Но это были мечты, а в действительности ко мне постепенно пришло осознание того, что тот родной человек, мой добрый и заботливый брат, лишь плод моего воображения. На самом деле, я ему вовсе не нужна, раз за все годы он даже не нашел возможности появиться, написать письмо или хотя бы поздравить меня с Рождеством.

Чувство брошенности и ненужности, отчуждение окружающих, которое наверняка в значительной степени я выдумала сама, с годами нарастало как снежный ком. И я еще больше, чем прежде, старалась быть ненавязчивой и не занимать чьего-то места. Видимо, тот случай все же произвел на меня довольно сильное впечатление потому, что запомнился в деталях, и потому что именно тогда ко мне пришло осознание себя как личности. Причем, к сожалению, личности, никак не вписывающейся в окружение.

Это чувство, практически незаметное в обыденные дни, усугублялось в редкие моменты семейных праздников. Когда все собирались вместе за столом и нехитрым угощением, которое мои опекуны могли себе позволить, мне становилось особенно одиноко. Приняв в себе и смирившись со своей отстраненностью, я всегда устраивалась в углу, предпочитая лишь наблюдать за весельем остальных детей.

Но в конце и я все же получала свою долю удовольствия, когда все успокаивались, рассаживались по местам и, затаив дыхание, слушали истории отца семейства о временах «золотой лихорадки», диком Западе или о Гражданской войне, последствия которой до сих пор сильно отражались на жизни людей.

Каждое лето дети с окраин много времени проводили в близлежащем лесу. Кислый щавель для супа, невероятно сладкие и душистые ягоды малины и земляники, спелая голубика служили отличным подспорьем в семьях бедняков.
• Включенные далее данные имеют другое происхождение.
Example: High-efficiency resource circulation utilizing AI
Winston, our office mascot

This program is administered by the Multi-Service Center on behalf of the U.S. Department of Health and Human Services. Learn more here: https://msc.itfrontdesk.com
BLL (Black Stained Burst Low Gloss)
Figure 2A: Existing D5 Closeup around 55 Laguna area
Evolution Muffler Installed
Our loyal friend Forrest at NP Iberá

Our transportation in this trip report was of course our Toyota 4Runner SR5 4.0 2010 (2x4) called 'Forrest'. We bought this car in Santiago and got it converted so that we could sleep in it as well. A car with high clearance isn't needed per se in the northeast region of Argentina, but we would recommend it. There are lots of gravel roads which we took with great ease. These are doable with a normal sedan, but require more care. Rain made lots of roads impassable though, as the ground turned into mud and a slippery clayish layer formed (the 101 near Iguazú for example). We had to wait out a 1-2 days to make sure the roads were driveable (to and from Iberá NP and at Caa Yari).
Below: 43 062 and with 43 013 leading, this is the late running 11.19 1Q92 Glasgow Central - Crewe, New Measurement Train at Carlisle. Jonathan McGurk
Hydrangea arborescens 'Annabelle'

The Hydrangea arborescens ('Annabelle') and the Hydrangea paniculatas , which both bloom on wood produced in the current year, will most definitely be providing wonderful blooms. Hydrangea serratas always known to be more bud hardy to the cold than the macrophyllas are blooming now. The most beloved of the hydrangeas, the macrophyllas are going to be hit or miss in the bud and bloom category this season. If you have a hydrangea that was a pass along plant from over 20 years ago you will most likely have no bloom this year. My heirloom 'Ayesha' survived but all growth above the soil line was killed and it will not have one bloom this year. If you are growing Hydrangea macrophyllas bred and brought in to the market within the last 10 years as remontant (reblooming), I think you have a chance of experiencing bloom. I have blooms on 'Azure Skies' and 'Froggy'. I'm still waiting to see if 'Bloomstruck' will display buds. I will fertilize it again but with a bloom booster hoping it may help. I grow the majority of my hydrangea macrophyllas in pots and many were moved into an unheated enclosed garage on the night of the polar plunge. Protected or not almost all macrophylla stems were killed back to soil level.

Пока я была слишком мала, темнеющий вдали лесной массив будоражил любопытство неизвестностью и таинственностью. Трудно описать чувства, нахлынувшие на меня в тот момент, когда наконец состоялось мое знакомство с первым настоящим другом.
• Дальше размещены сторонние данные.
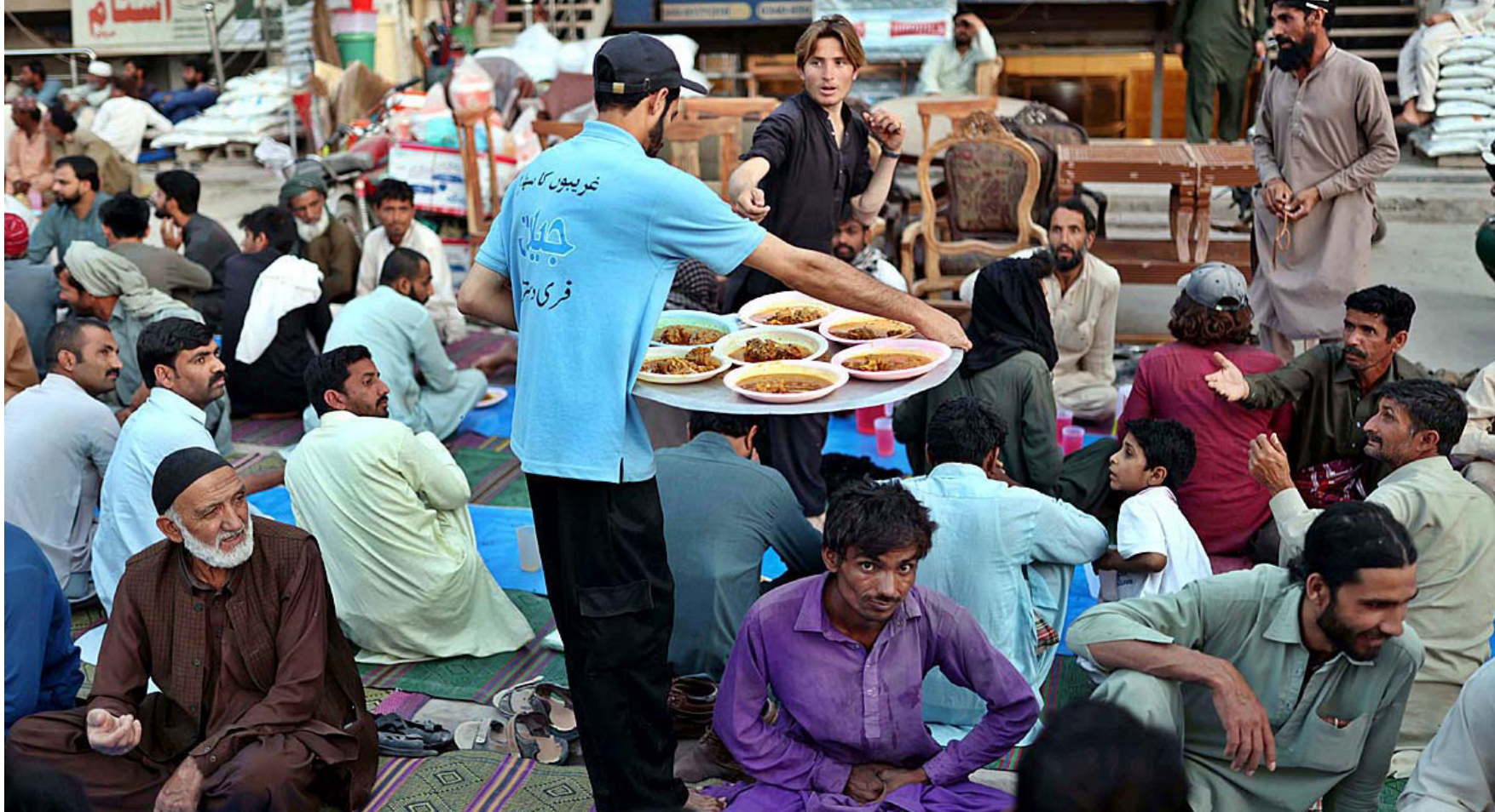
ISLAMABAD: Volunteers distributing food for iftar among deserving people during the Holy month of Ramazan at Ghouri Town.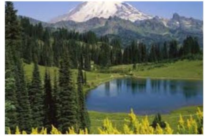
Katon-Karagay State National Natural Park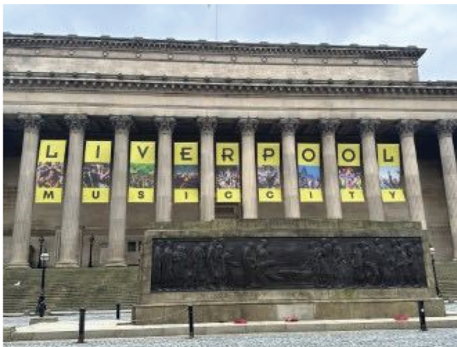
Figure 1. Liverpool, UNESCO city of music, proclaims itself to be a city of music via a banner on the city's St. George's Hall, may 2024.

Meanwhile the UNESCO City of Music process began in 2006 and as of 2024, there 75 UNESCO Cities of Music. 5 They form part of the broader Creative Cities network which was established in 2004 and now has 350 members. These cities come from more diverse geographical locations than the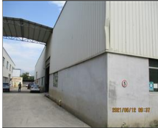
External photo(s) of the production unit(s) Production building 2.JPG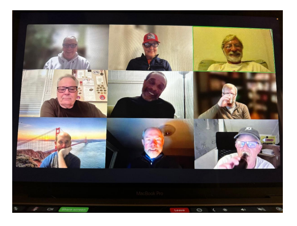
Location: Everywhere in our Randonneurs USA community Details: All incoming and outgoing Board of Directors on the December 8th, 2024 leadership meeting.

Your Board has chosen the 2025 officers in our January meeting: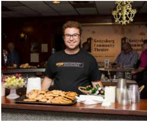
Membership Mixer | July 19 Gettysburg Community Theatre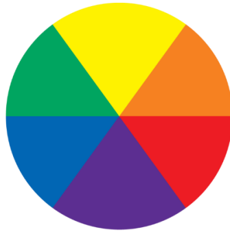
Primary Colors, and Secondary Colors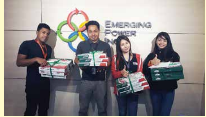
Advance order made by the Philippine Stock Exchange Center (PSEC) Tektite.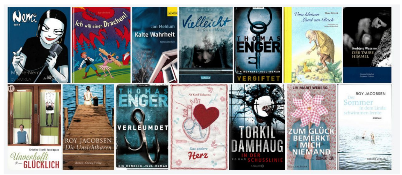
Norwegian books in German translation

the foundation is laid to enable more Norwegian authors to achieve international penetration. The good collaborative models that will be developed nationally will also hold the potential to produce positive results in the long term. We want to emphasize that Norwegian cultural export is to be elevated to a higher level and this is to be maintained above the current level also in 2020 and afterwards. This means that our goal is increased resources for a higher level of activity for Norwegian literature abroad in extension of the Guest of Honour project.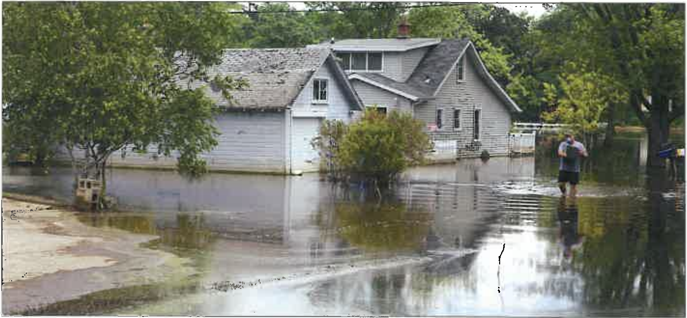
Janesville, Wisconsin, 2008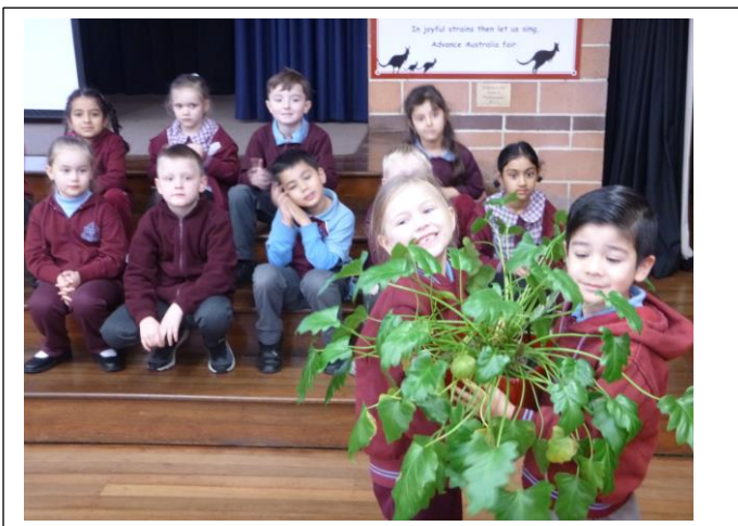
That plant is bigger than both of them!!

Unfortunately we had a technical glitch with Stage 2 and have been unable to print the photos that were taken on the day. We will engage a technical expert to help us unlock these prints and hopefully will print them in the next newsletter.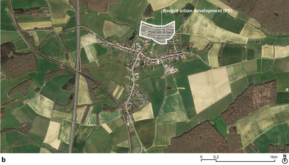
Figure 2 A new neighbourhood, built on agricultural land, in a small French commune bordering Luxembourg

ZAN. One reason for this is that elected officials tend to prioritise the preservation of the living environment and/or urban services. For example, in an intermunicipal area bordering the Lille metropolitan area "Métropole Européenne de Lille", where 70% of the working population works outside of the intermunicipal area, elected officials are absolutely determined to welcome new inhabitants in order to keep the local school open. The school is considered to be a key site of sociability and the driving force behind community networks. In Lorraine, the small size of Zoufftgen (a municipality with a population of 1,200; population doubled from 600 to 1.200 inhabitants between 2006 and 2016) has not stopped local elected officials from mobilising a range of land-control instruments. Elected officials wanted to attract young households at all costs. To this end, they bought land before it was declared buildable, carried out the servicing work themselves and welcomed people interested in buying a plot in order to select those who wanted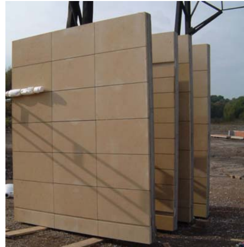
This is some text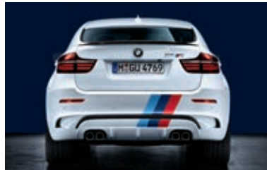
Front and rear stripes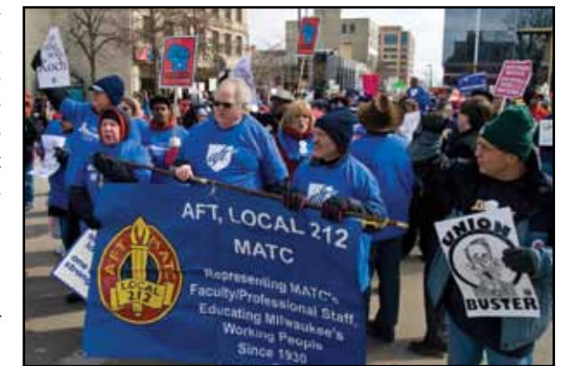
L212 members march in Madison on Saturday, March 12.

Walker is using the existence of a deficit to implement an extreme anti-education, anti-worker agenda that will redistribute income from Wisconsin's middle class to its corporations and the wealthy. That's why he cut corporate taxes by more than

Довольно пыльный, с редким подлеском, поникший от дыма заводов, но еще не павший под напором топоров и бульдозеров, лес показался мне просто сказочным местом, уютным островком добра и безопасности, окутал волшебной атмосферой покоя. Но главное я поняла, пройдя по тропинке вглубь, когда городского шума уже не слышно, вдохнув поглубже пьянящий запах елей, мха и лесной сырости — именно здесь я дома, только здесь меня давно ждали и по-настоящему любят. Словно зачарованная, я глядела по сторонам, и не могла наглядеться.